Exact copies of the lines below, from the one with "A macro of a" up to and including the one with "Before seasons of destruction drag us down |", are what this calls for; leave out pictures.

→ **Supplied records**:
+ + +
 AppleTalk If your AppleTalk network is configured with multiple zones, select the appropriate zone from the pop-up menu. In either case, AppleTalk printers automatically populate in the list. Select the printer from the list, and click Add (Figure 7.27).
+ + +
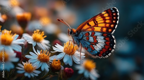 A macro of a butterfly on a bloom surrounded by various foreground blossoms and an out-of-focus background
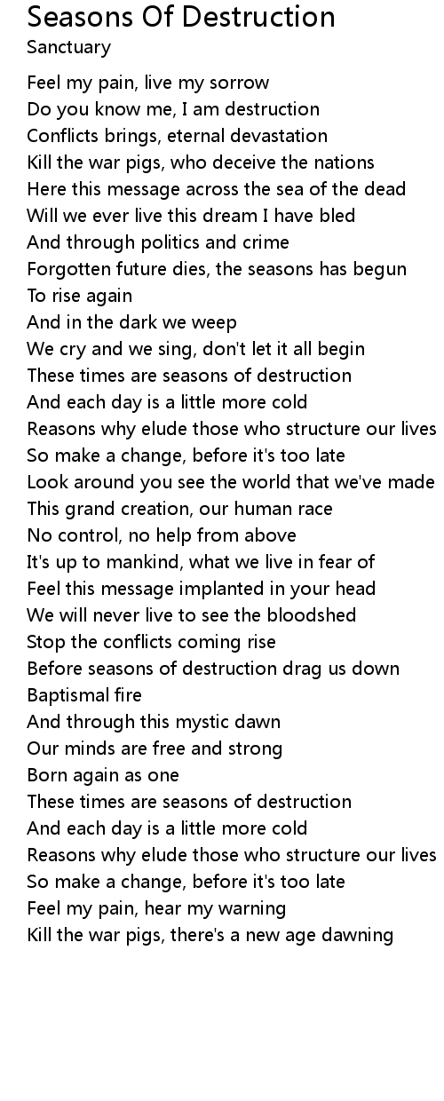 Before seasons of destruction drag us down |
+ + +
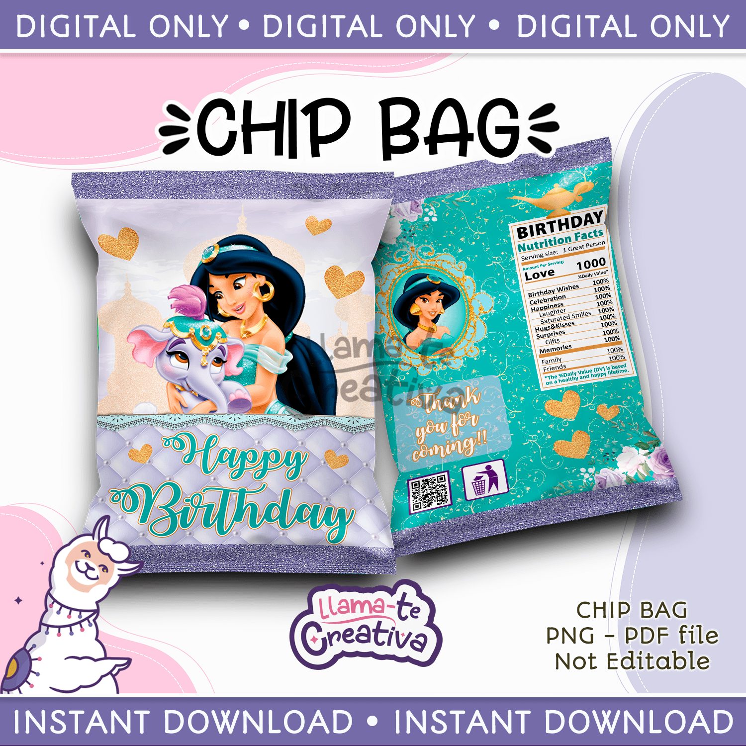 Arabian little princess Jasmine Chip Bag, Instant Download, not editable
+ + +
→ **Expected answer**:
 A macro of a butterfly on a bloom surrounded by various foreground blossoms and an out-of-focus background
 Before seasons of destruction drag us down |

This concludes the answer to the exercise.